Remembering 9/11

I live in New York City. Two friends, including someone at whose wedding I had recently been the rabbi, died in the World Trade Center on 9/11. The acrid smell came through my apartment windows for days and sacred ashes, which I wiped away with tears, fell on my window sills for weeks.

That day, my children who were 13 and 10 could not get home from school because the subways were closed. They have grown up in the shadow of 9/11 and the fog of war. The world seems far less safe today than it seemed on 9/10/01, though in hindsight, we were not safe at all. So what do we want to remember today as war, violence, terrorism and vicious polarization swirls around us? What memories do we want to preserve at least for today that might ennoble us just a bit?

A few weeks after 9/11, I found myself becoming so angry and bitter and afraid. One day I was reading the New York Times and came across an article that described some of final cell phone conversations of those who perished on 9/11. Because of technology evil people can blow up buildings, but because of technology we also could hear the final words of husbands to wives and mothers to daughters and parents to children. I was completely overwhelmed by the fact that in the face of terror and in the dearness of the vanishing moment, not one conversation showed any anger or any desire for revenge.
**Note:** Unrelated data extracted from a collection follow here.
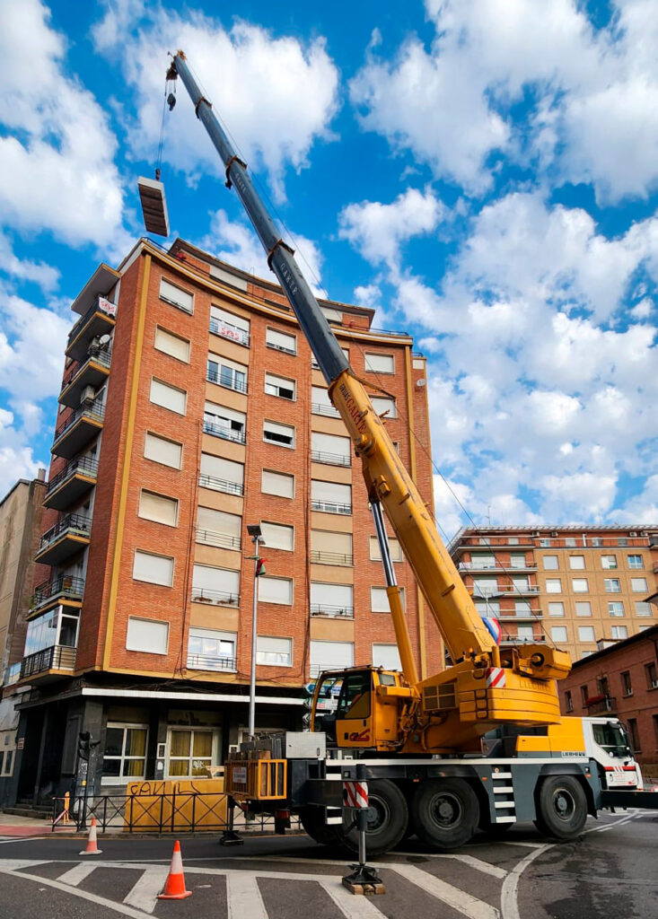 Un claro ejemplo de ello es Construcciones y Reformas BJ Murugarren, con un ámbito de trabajo centrado en Navarra y La Rioja, que subcontrató los servicios de la grúa móvil Liebherr LTM 1055-3.2 de Grúas Garte para izar material de construcción y realizar otro tipo de trabajos auxiliares, englobados en el proyecto de reforma integral de una vivienda.
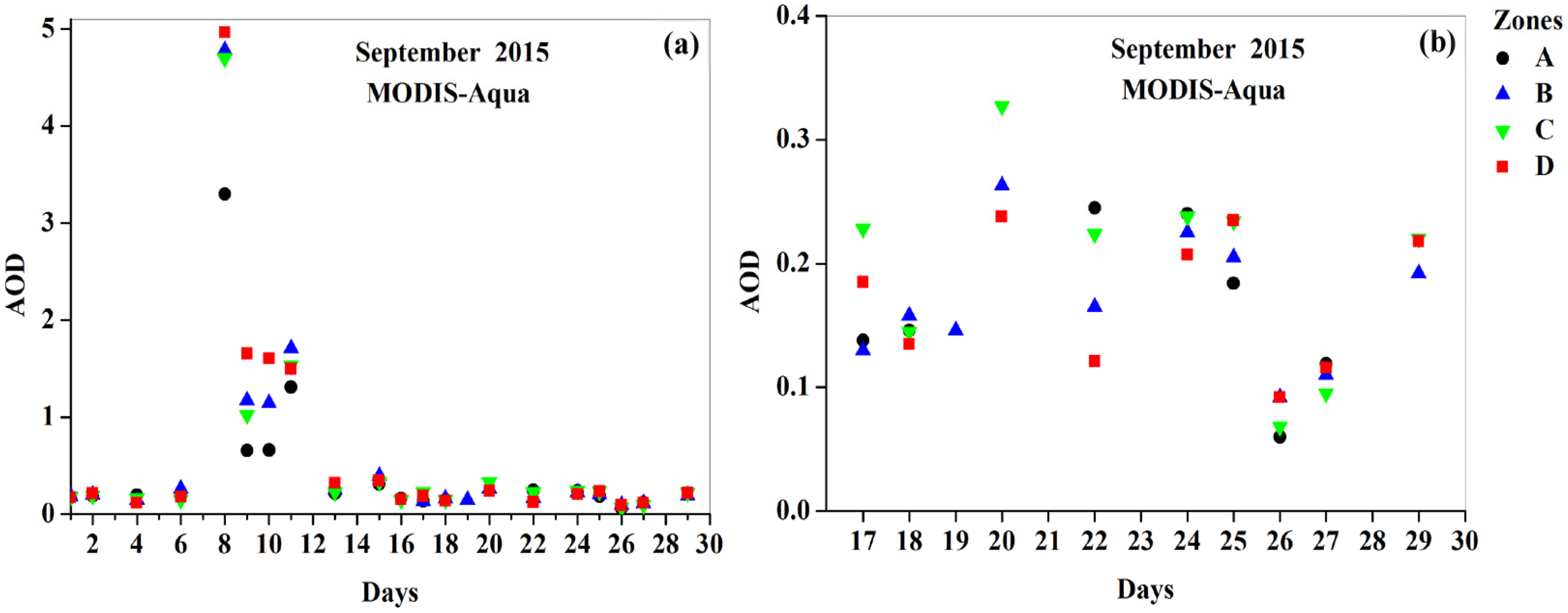 - Shaheen, A.; Wu, R.; Lelieveld, J.; Yousefi, R.; Aldabash, M. Winter AOD trend changes over the Eastern Mediterranean and Middle East region. Int. J. Climatol. 2021, 41, 5516–5535. [Google Scholar] [CrossRef]
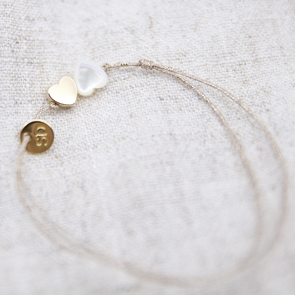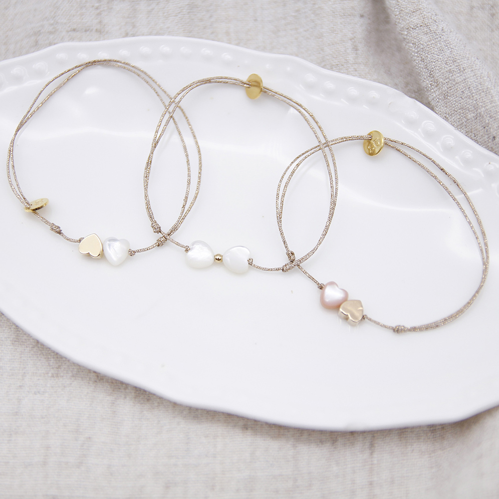 Dinner-雙愛心白母貝金墜手鍊

Instead, simply and heroically each witnessed a yearning to love and possessed the faith that love ultimately swallows up death.

I set some of those sacred words to an ancient Jewish chant of Lamentations which you can listen to now (click here). ?The Biblical book of Lamentations mourns the destruction of Jerusalem and the Holy Temple in the 6th century BCE. ?Jewish practice is to chant the book once a year, the saddest day of the year, in the heat of the summer to a mournful chant. The first word of the book is in Hebrew – Eicha which means How – and invites the community to reflect on how and why such destruction happens. Reading the final cell phone conversations took my breath away and as I read them over and over again, the sad melody of Lamentations came to mind and seemed so appropriate. In chanting them, they became a sacred text.

May their memories be for a blessing and may we all, whatever our politics and world views, do better in repairing this world.